Entries provided —
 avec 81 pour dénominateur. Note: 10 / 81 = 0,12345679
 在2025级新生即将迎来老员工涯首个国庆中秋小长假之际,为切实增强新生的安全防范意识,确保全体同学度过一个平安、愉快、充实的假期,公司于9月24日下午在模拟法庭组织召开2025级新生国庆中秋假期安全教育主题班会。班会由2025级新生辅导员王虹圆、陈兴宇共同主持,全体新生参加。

---

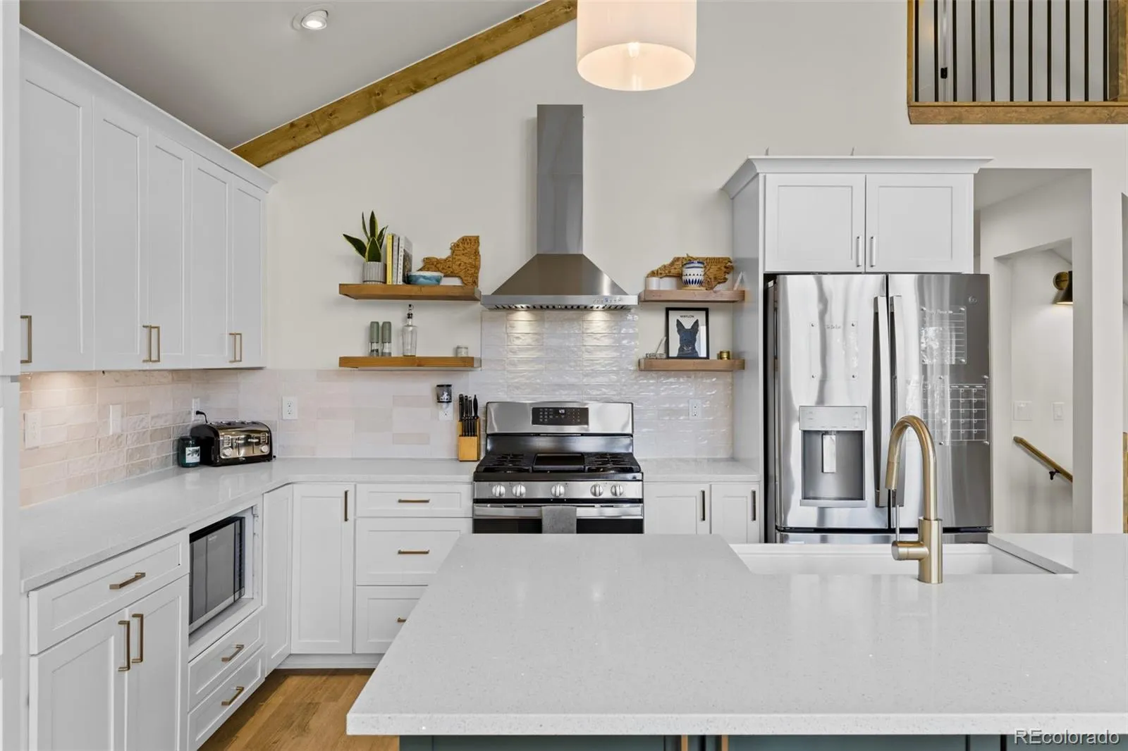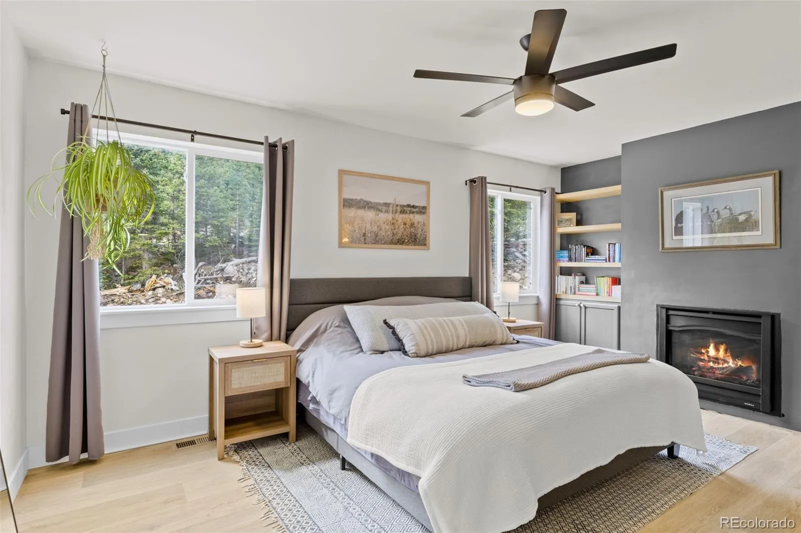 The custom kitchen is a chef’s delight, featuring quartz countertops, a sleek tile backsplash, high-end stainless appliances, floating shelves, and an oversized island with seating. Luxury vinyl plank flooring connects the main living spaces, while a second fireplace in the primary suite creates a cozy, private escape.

Work to be completed —
Out of the material above, output word for word the line with "avec 81 pour", the line with "在2025级新生即将迎来老员", and all lines between them, with nothing else.

Reply to the task —
 avec 81 pour dénominateur. Note: 10 / 81 = 0,12345679
 在2025级新生即将迎来老员工涯首个国庆中秋小长假之际,为切实增强新生的安全防范意识,确保全体同学度过一个平安、愉快、充实的假期,公司于9月24日下午在模拟法庭组织召开2025级新生国庆中秋假期安全教育主题班会。班会由2025级新生辅导员王虹圆、陈兴宇共同主持,全体新生参加。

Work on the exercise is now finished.